Market Intelligence
Franchising Vietnam

Vietnam Franchising

The franchising model in Vietnam has expanded to more than 262 registered foreign brands in multiple sectors since its arrival in this country in the 1990s.

Since its arrival in Vietnam in the 1990s, the franchising model has expanded to more than 262 registered foreign brands in multiple sectors, over 50 percent of which is F&B, bringing a relatively rapid venue with controlled levels of investment and at a reduced risk. Additionally, Vietnamese businesses such as Café Cong (Plus Coffee), Ong Hung (Mr. Hung) Pho, ThaiExpress, and The Gioi Di Dong (The Mobile World) have had significant success in the country, while several others like Wrap and Roll, Pho24, and Trung Nguyen Café are currently discovering new opportunities overseas. 

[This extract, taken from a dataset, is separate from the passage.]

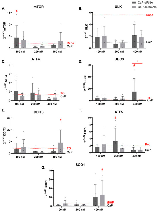 The activation of the toxicity pathways was analyzed by RT-PCR following 24 h of treatments with the CaP-siRNA, CaP-scramble, and non-loaded CaP NPs at the concentrations 100, 200, and 400 nM, and positive controls. The results shown in Figure 4 are related to modulation of the mRNA levels of genes involved in autophagy (A) mTOR and (B) ULK1; ER stress (C) ATF4, (D) BBC3, and (E) DDIT3; mitochondrial stress (F) ATF5; and oxidative stress (G) SOD1.
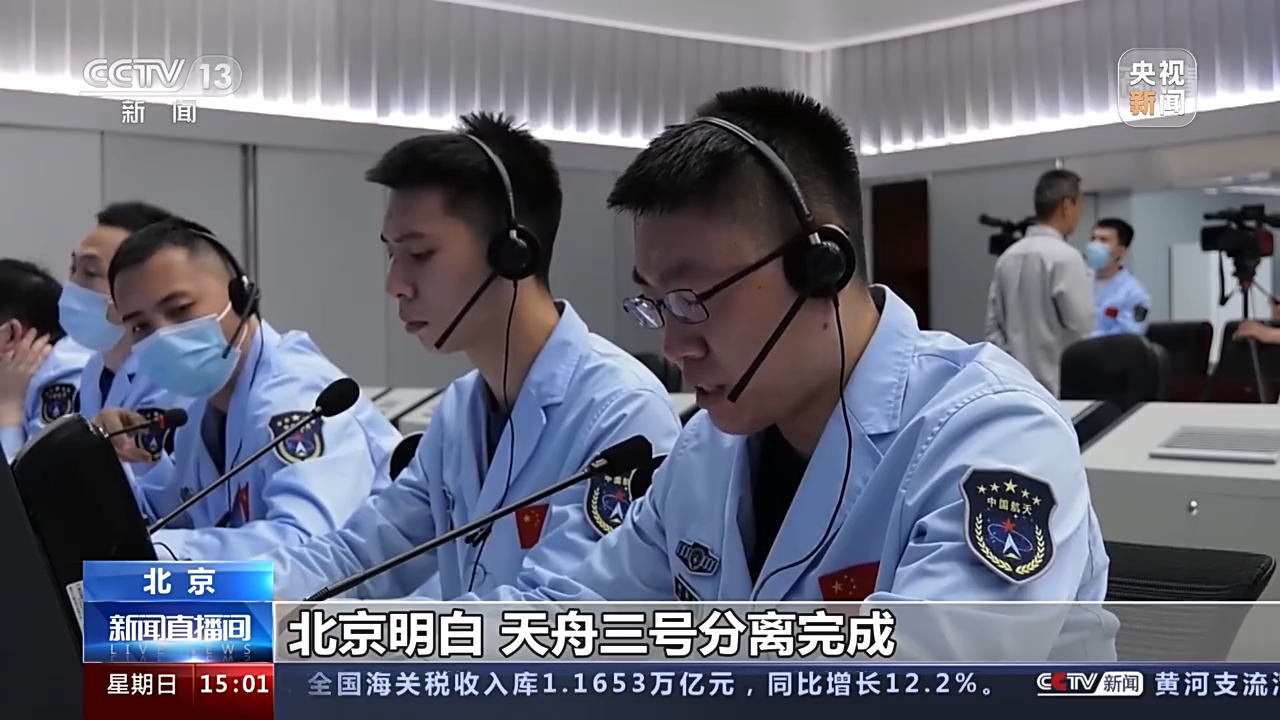 总台央视记者 刘冠青:这里是北京航天飞行控制中心,我们可以从我身后的大屏幕看到,现在天舟三号已经完成了中国空间站天和核心舱前向对接口的分离,现在正在转19米的保持。

There are several challenges that new-to-market franchisors should consider in Vietnam: 
-    Local companies may have a lack of thorough understanding of brand value/integrity and/or legal regulations thus hindering the due diligence process.
-    Local companies are cautious about the high investment concept and reluctant to brands not having a strong track record in the region.
-    Difficulties in finding suitable and affordable locations despite its popularity in HCMC and Hanoi
-    U.S. franchisors shall initiate IP registration and be prepared to take legal action against violators.
-    U.S. franchisors should consider adapting to local culture, habits, and tastes to guarantee their success in the market.

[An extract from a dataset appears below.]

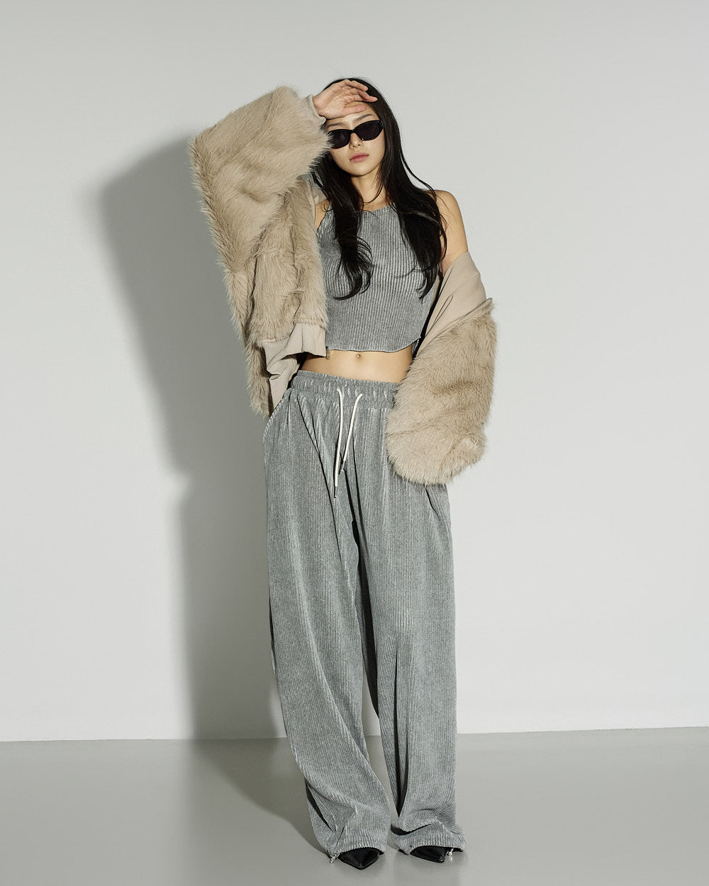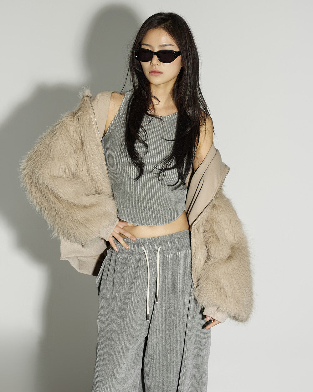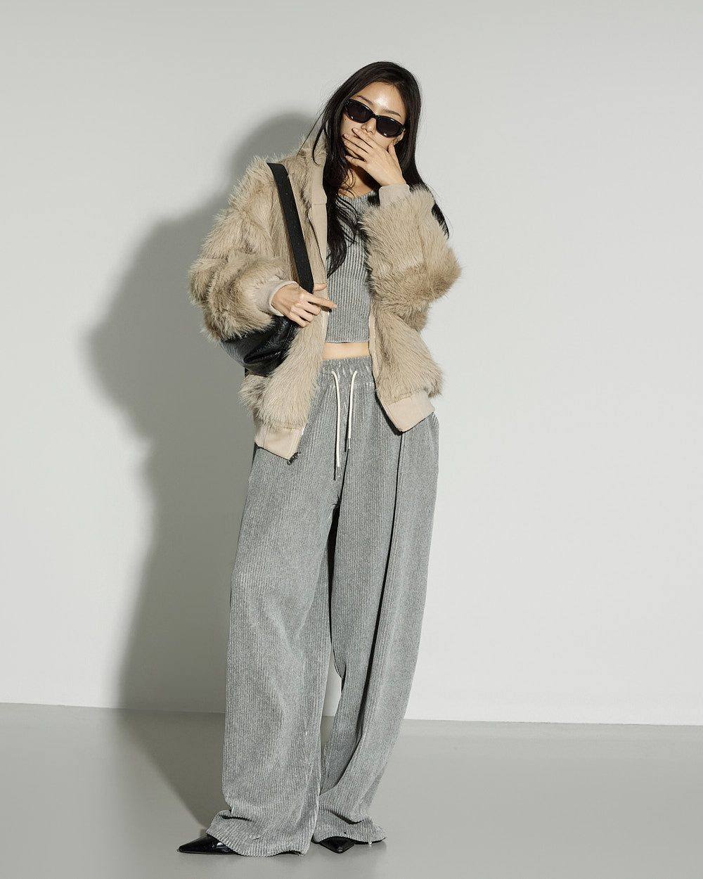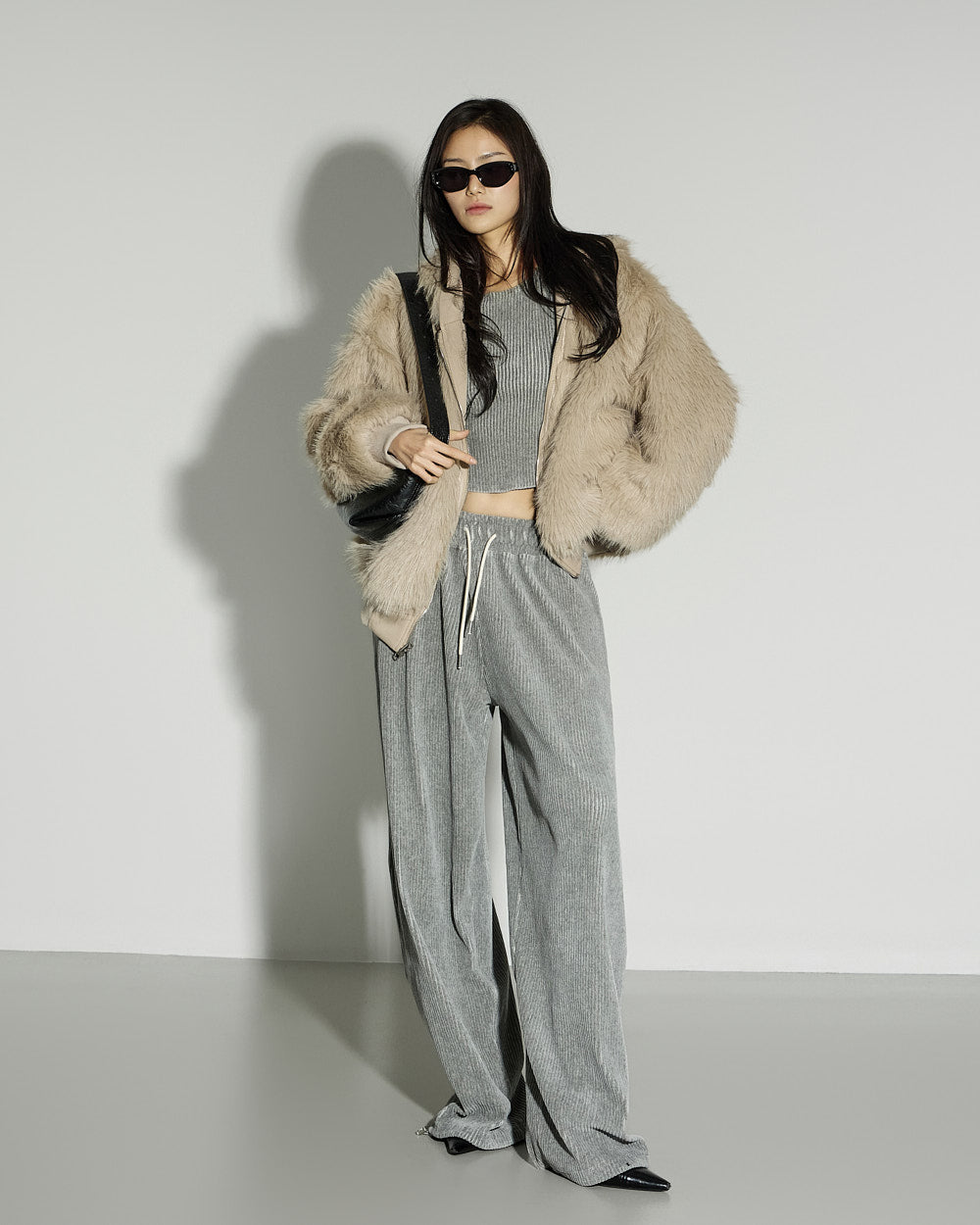 and the oversized silhouette creates a natural volume.
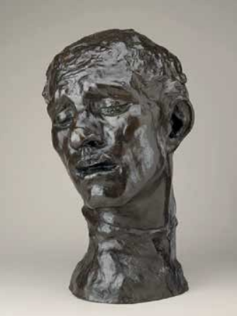 Auguste Rodin’s studies for The Burghers of Calais (1884–1889), particularly the individual heads, function as “anti-monuments”. The Monumental Head of Pierre de Wissant shows a figure absorbed in his own thoughts. Rodin rejected heroic convention; instead of the confident, noble faces typical of 19th-century civic monuments, he portrayed the men as “troubled, isolated individuals in anguish,” giving them slumping postures and emotionally tortured features. The “emotionally tortured face” and “anguished expression” of de Wissant make the figure’s inner suffering and "extreme distress" visible as he faces his own sacrifice.⁶

In the past, Vietnamese law did not provide a specific basis for franchising business but the passage of Decree 35/2006/ND-CP (amended by Decree 120/2011/ND-CP in January 2016), provided a legal framework for franchising. 

Accordingly, a foreign franchisor does not need to establish a business entity, yet it must be in business for at least one year prior to its operation in Vietnam. A Vietnamese primary franchisee must also have been in business with the franchisor for one year prior to sub‐franchising. A foreign franchisor registers its activities with MOIT, while a local franchisor registers with the provincial Department of Industry and Trade. The franchise agreement must be in Vietnamese and may be translated into English. However, Decree No. 8/2018/ND-CP amending Decree 35 has only removed registration requirements with MOIT for foreign franchisors thus requesting additional clarification from MOIT on these requirements.

Leading sub-sectors
Vietnamese consumers are responsive to high-end, well-known, and premium products and services. They often conceive Western brands with quality, opulence, and reliability. At present, most of the franchised businesses focus on fast food and retail and there still are plenty of opportunities varying in brands and sectors.

MOIT estimates that F&B consumption accounts for 15 percent of GDP and is increasing year by year. According to Vietnam Report, revenue in this segment is projected to reach US$678m in 2025 and is expected to show an annual growth rate (CAGR 2021-2025) of 4.98%. In addition, user penetration is expected to hit 17 million by 2025. With strong Vietnamese consumer awareness of American F&B, U.S. fast food franchisors are key players in the market, notably McDonald’s, KFC, Starbucks Coffee, Burger King, Pizza Hut, Domino’s Pizza, Popeye’s Chicken, Texas Chicken, Baskin Robbins, and Coffee Bean and Tea Leaf.

Besides the fast-food sector, the franchise convenience store model has also gained traction with various brands including Circle K, Family Mart, and Seven-Eleven expanding quickly in large cities. Seven-Eleven opened its first store in Ho Chi Minh City in 2017 and now it has expanded to 68 stores in Vietnam. 

Retail, education and training, entertainment, healthcare, beauty care, children’s services, and lifestyle-oriented businesses are other franchise segments that are worth considering.

Opportunities and challenges
-    60% percent of the population is under 35 years of age, and per capita GDP is around $3,600 and, on the rise.
-    Over the next decade, 36 million more consumers may join Vietnam’s consuming class, defined as consumers who spend at least $11 a day in purchasing power parity (PPP) terms, according to recent McKinsey Global Institute research. 
-    American brands have a reputation for quality, especially in southern Vietnam. Best prospects for American franchisors include fast food, business services, health and nutrition, education services, health care, children’s services, cleaning and sanitation, hospitality, fashion, entertainment, and convenience stores.
-    According to, finding licensee candidates with established infrastructure, experience running a business, and capital is a problem. Retail space has become extremely expensive in Ho Chi Minh City and Hanoi.